4.3 Security Profiles: “What Is This Process Allowed To Do?”

Container isolation is not only namespace/cgroup. Security posture also depends on:

  • Linux capabilities;
  • seccomp profile;
  • AppArmor/SELinux profile;
  • user identity;
  • privileged flag;
  • mount flags;
  • read-only filesystem;
  • device access;
  • Docker daemon exposure;
  • kernel version and configuration.

Docker security documentation highlights several review areas: kernel support for namespaces/cgroups, daemon attack surface, container configuration profile, and kernel hardening features.


5. Process Model: The Heart of a Container

A container exists to run a process. When the main process exits, the container exits.

5.1 PID 1 Problem

Inside a PID namespace, the main container process often becomes PID 1. PID 1 has special behavior on Linux:

  • it receives signals as the init process of that namespace;
  • it may need to reap zombie child processes;
  • some runtimes/frameworks do not handle SIGTERM correctly by default;
  • shell-form commands can accidentally hide the real application process behind /bin/sh.

Example risky Dockerfile pattern:

CMD java -jar app.jar

This is shell form.
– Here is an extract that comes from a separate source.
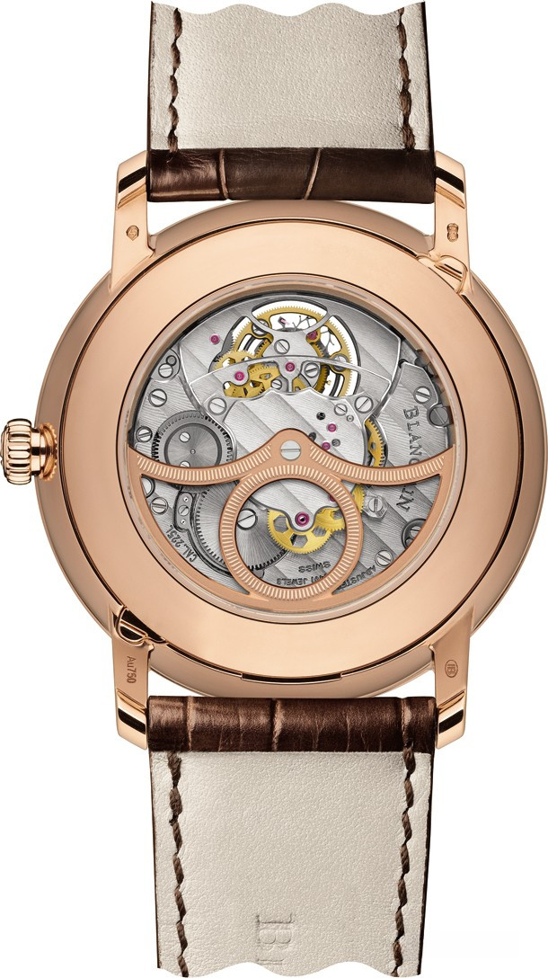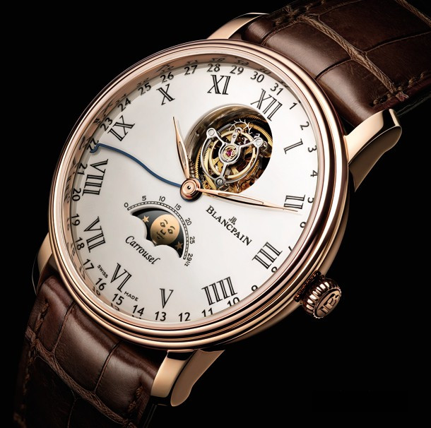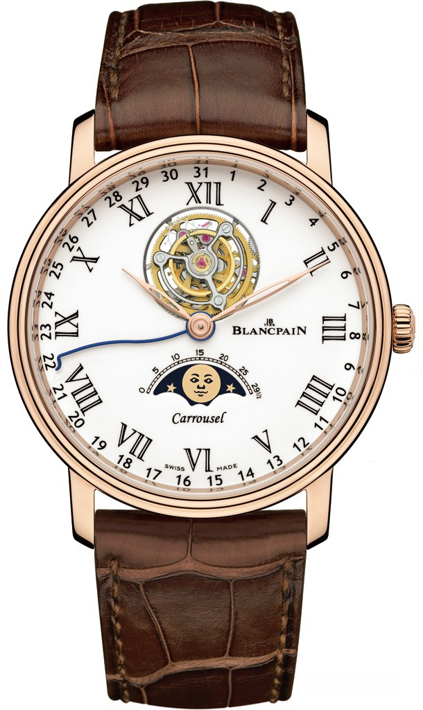Blancpain представляет новую модель, в которой объединились два знаковых часовых усложнения марки: карусель и индикатор фазы Луны. Новый механизм Blancpain 225L впервые объединил в себе карусель с индикаторами фазы Луны и даты. Основная задача карусели, как и турбийона, - уменьшить влияние гравитации на точность хода часов. Различие между этими двумя устройствами заключается в их конструкции. В то время как турбийон связан с барабаном посредством одной зубчатой передачи, карусель соединена с барабаном через систему двух зубчатых передач: первая передает энергию, необходимую для работы спускового механизма, а вторая управляет скоростью вращения каретки. Индикация фазы Луны - еще одно усложнение, использованное в новой модели, - также пребывала в полном забвении, пока Blancpain не вернула ее к жизни в начале 1980-х. Новый, максимально защищенный механизм Blancpain 225L, состоящий из 281 компонента, включая 61 только для каретки карусели, оснащен кремниевой спиралью баланса и наделен 5-дневным запасом хода. Новинка несет в себе все эстетические коды коллекции Villeret. Двухступенчатый корпус обрамляет чуть выпуклый белый циферблат, декорированный в технике горячего эмалирования гран фё; индикация даты осуществляется с помощью змеевидной стрелки из вороненой стали; а центральные часовая и минутная стрелки, грациозно скользящие по нарисованным эмалевым римским цифрам, имеют форму листа шалфея. В специальном окошке в положении «12» часов располагается каретка карусели с ее сложным механизмом; строго напротив, на отметке «6» часов, размещен индикатор фазы Луны. С обратной стороны 42-мм корпуса под ушками расположены две кнопки, предназначенные для коррекции показаний даты и фазы Луны.

It runs through a shell.

Better default:

CMD ["java", "-jar", "app.jar"]

Exec form makes the application process receive signals more directly.

5.2 Signal Flow

When you run:

docker stop my-app

Docker sends a termination signal to the main process, waits for a grace period, then forcefully kills it if still running.

Engineering implication:

  • HTTP server should stop accepting new requests;
  • in-flight requests should complete or be cancelled safely;
  • workers should finish or requeue jobs;
  • DB transactions should be committed/rolled back;
  • logs/metrics should flush quickly;
  • process should exit with meaningful code.

5.3 Exit Code and Restart Policy

A container exiting is not always a failure. It depends on intent.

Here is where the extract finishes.